This is a bit delicate. There’s no easy was to say this, so…on my last night in Daegu, I spent a night – on my own, I should make clear – in a Love Hotel. I even paid extra for an upgrade (not what you’re thinking). Let’s face it, if you’re going to spend a night in a Love Hotel it’s probably advisable to stay away from the bargain basement rooms. May as well go for the VIP option, ran my logic. I had planned to stay in the boring business hotel that I’d been in for the previous week, but another conference had rolled into town and there was no room at the inn.
I’d already looked through an uninspiring list of hotels online – Daegu is not blessed with great hotels – before downloading the Daegu chapter of the Lonely Planet. This was hardly inspirational either, on many levels, but it did recommend the Hera Motel, a Love Hotel near the train station. A quick look at Trip Advisor (modern travel in a nutshell) brought up some positive reviews – some very positive reviews – and I decided to take the plunge.
Staying in a Love Hotel is entirely normal in Korea. Maybe not staying in one all night, but visiting them is an accepted part of life. They are literally everywhere, judging by their numbers pretty much the entire population must frequent them at least occasionally. Mostly they crowd around bus and train stations – which attract that sort of thing – but you can come across them anywhere. Love Hotels are not brothels, they are there to serve a need – so to speak.
Ubiquitous and well used, their normality makes them anything but seedy. Well they are a little seedy, but mainly they’re just a bit tacky. Not the floors, which are scrupulously clean, before you get the wrong idea. Tacky and kitsch would be the most accurate description of my room at the Hera, also spotless and very spacious. True, there were an alarming number of tissue boxes dotted around, I assumed someone had been suffering from a cold.

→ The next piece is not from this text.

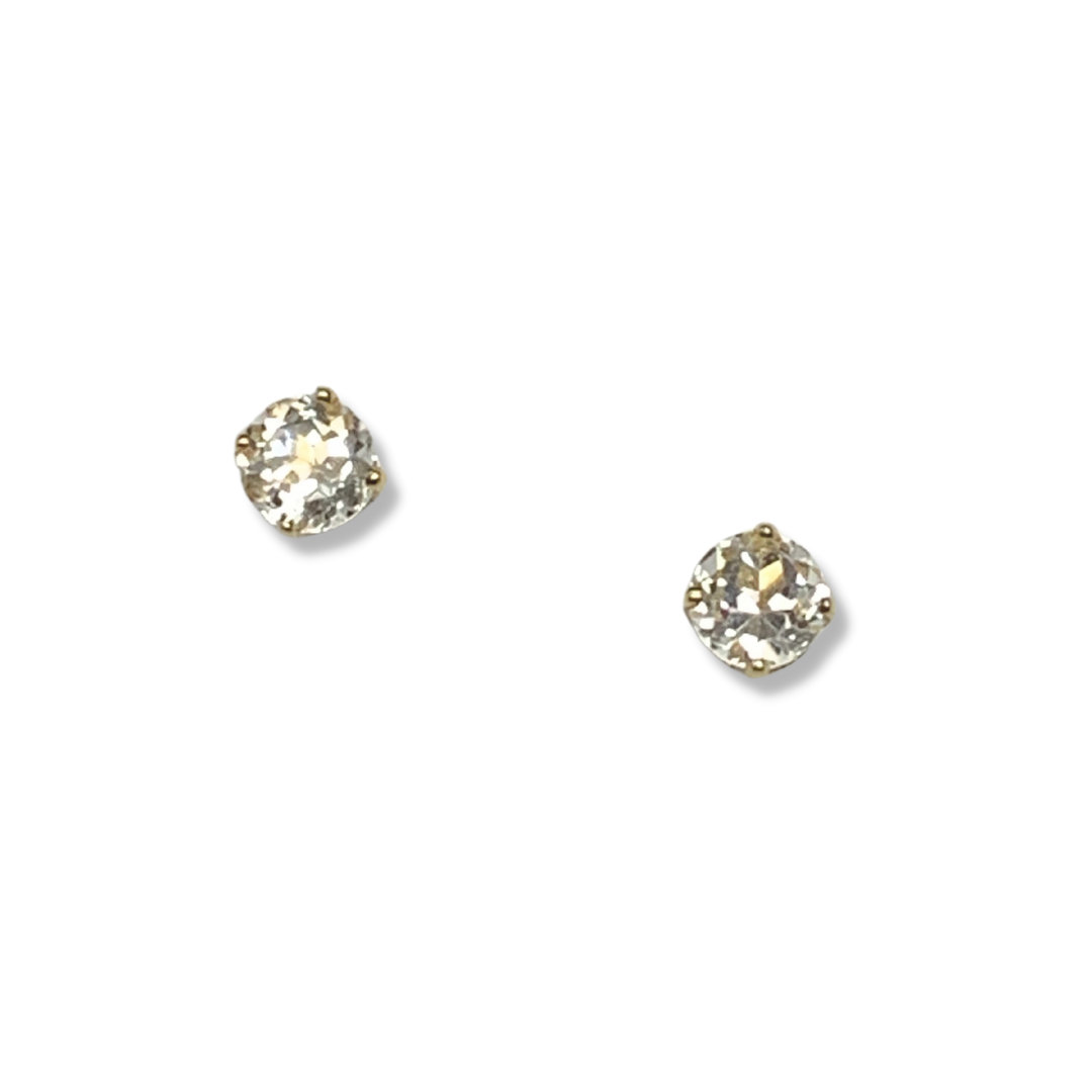 14K Yellow Gold April- White Topaz Birthstone 4mm Post Earrings

Like Korean toilets, there were way too many buttons in the room. Given where I was staying, pressing the wrong button could have unforeseen consequences. I was cautious. So it was that between turning the AC off and on and off again, turning down the ‘mood’ lighting, and trying to stop the fridge from making a noise that implied it was trying to leave Earth’s atmosphere, I’d managed to turn on the bed’s heated blanket. I didn’t realise this until some time later, around four hours later.
No one, absolutely no one, could have slept in a bed that hot. It was almost at boiling point. First I had to work out what I’d done to turn it on and reverse the process. Then I had to take the duvet off and leave it to cool down for 20 minutes with the AC on full blast. When I was finally able to crawl into bed it turned out to be one of the most comfortable I’ve ever slept in. Something about that still seems surprising, but investing in a good bed is just sound business sense for a Love Hotel.
I’d spent the day wandering through Daegu, including two of its most famous markets. The fabulous traditional medicine market seemed to be having a festival, including live music. The video is a bit shaky, but you get the picture. While earlier in the day I’d visited the colossal Seomun Market. Walking amongst food stalls and through the fish market was a bit overwhelming, but a lot of fun. I even got street food from a stall holder who could explain in English what I was eating. Something totally unexpected. All around me were foodstuffs that I couldn’t identify, some of them in my lunch. The food was delicious.
Daegu’s history stretches back 3500 years, it has always been an important centre of population. It prides itself on having been a hotbed of opposition to Japanese colonialism at the start of the 20th Century, and more recently for being the birthplace of Samsung. The corporate headquarters of which are on all organised tours. Today the tourism board refers to the city as Colourful Daegu, but it is also known as ‘Apple City’ and ‘Textile City’ after two other, pre-Samsung, industries. At an official dinner I learned another name, ‘Fashion City’. We were treated to a catwalk display of incredible traditional clothing.
Daegu is a city that grows on you. After a shaky start, I enjoyed my time there, although in the height of summer, when it can hit the mid-30s with intense humidity, I might revise my opinion.
2 thoughts on “Daegu days, Daegu nights”
Brilliant. I think it needs to be accompanied by a selfie. X
Sent from my Samsung Galaxy smartphone.